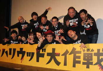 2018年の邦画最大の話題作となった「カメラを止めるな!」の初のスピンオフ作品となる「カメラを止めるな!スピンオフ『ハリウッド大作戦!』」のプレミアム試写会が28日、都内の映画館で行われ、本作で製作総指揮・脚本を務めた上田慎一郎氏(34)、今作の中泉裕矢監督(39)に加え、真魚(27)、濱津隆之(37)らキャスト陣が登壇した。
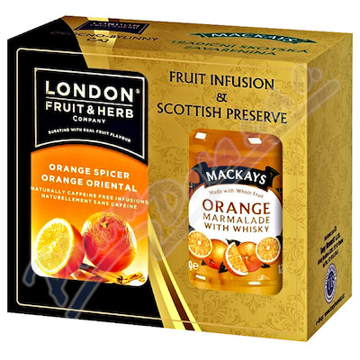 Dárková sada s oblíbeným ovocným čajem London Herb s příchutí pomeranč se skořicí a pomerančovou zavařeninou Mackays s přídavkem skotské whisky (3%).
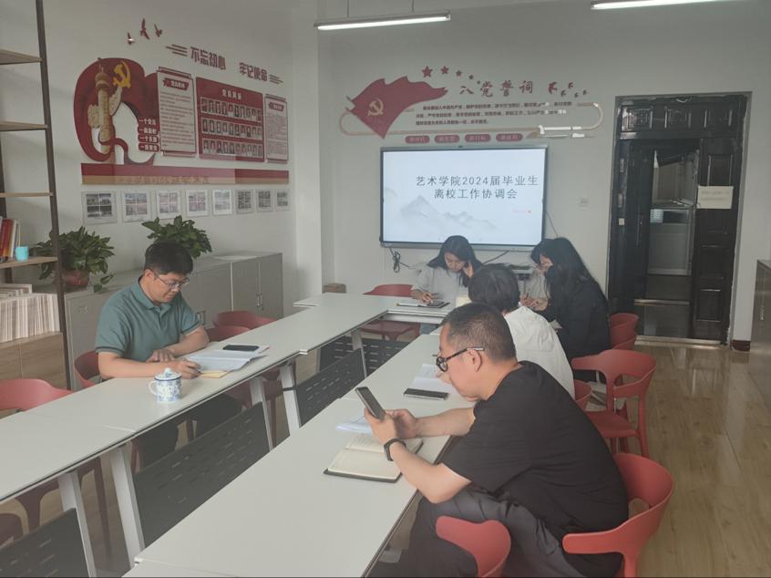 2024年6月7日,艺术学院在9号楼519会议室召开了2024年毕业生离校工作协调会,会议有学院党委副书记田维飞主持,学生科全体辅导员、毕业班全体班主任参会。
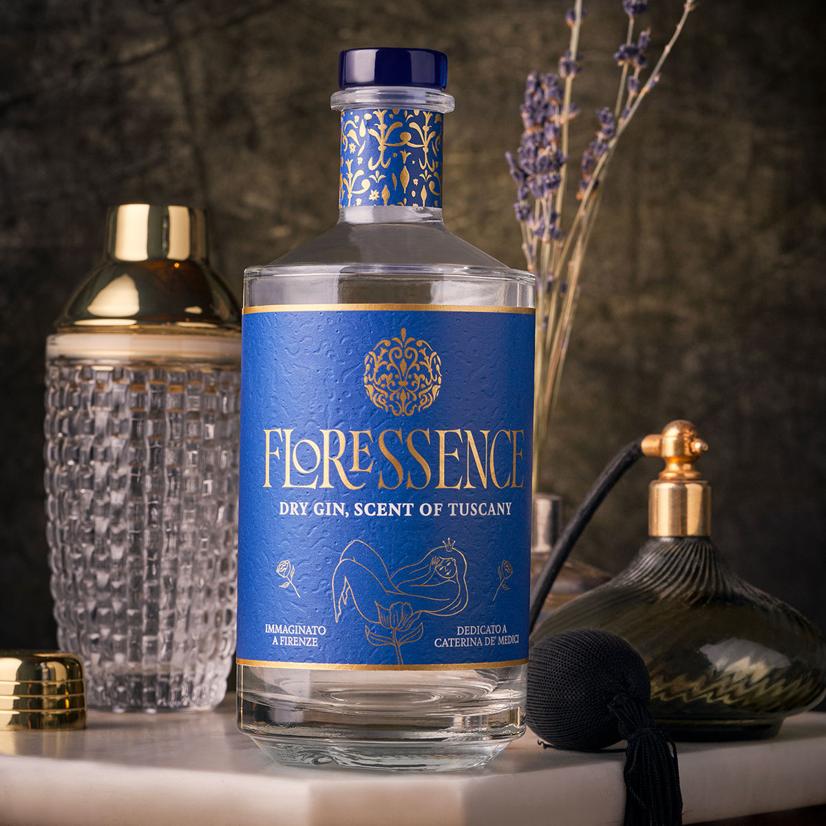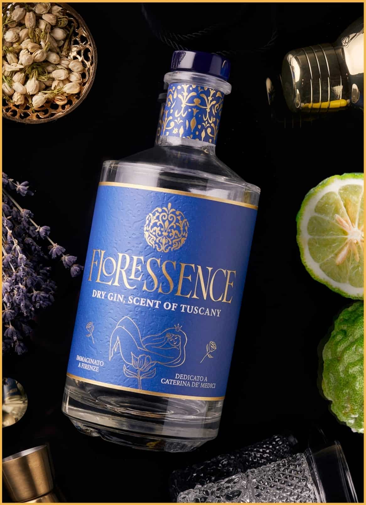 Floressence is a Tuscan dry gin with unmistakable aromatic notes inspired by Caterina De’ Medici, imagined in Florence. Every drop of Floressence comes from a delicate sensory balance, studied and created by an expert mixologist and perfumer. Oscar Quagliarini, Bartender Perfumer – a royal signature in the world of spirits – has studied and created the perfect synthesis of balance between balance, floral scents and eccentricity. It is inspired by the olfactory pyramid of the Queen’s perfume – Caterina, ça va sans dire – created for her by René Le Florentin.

----------

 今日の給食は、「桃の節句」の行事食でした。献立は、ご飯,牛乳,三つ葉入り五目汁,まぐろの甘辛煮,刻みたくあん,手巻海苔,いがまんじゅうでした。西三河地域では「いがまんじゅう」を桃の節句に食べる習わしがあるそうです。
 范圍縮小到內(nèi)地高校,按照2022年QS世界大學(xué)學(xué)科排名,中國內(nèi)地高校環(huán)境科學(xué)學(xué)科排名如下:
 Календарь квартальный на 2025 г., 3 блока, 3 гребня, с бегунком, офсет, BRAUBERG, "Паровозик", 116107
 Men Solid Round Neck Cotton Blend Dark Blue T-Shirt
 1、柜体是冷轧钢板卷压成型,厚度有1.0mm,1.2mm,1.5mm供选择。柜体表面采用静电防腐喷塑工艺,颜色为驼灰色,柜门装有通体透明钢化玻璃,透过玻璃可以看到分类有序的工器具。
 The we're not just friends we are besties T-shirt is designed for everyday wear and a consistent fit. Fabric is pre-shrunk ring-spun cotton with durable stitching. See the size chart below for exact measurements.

----------

With the line that has "Календарь квартальный на" as the first and the line that has "1、柜体是冷轧钢板卷压成型,厚度有1.0" as the last, repeat exactly that run of lines above and no more.

* **Solution for this problem**
 Календарь квартальный на 2025 г., 3 блока, 3 гребня, с бегунком, офсет, BRAUBERG, "Паровозик", 116107
 Men Solid Round Neck Cotton Blend Dark Blue T-Shirt
 1、柜体是冷轧钢板卷压成型,厚度有1.0mm,1.2mm,1.5mm供选择。柜体表面采用静电防腐喷塑工艺,颜色为驼灰色,柜门装有通体透明钢化玻璃,透过玻璃可以看到分类有序的工器具。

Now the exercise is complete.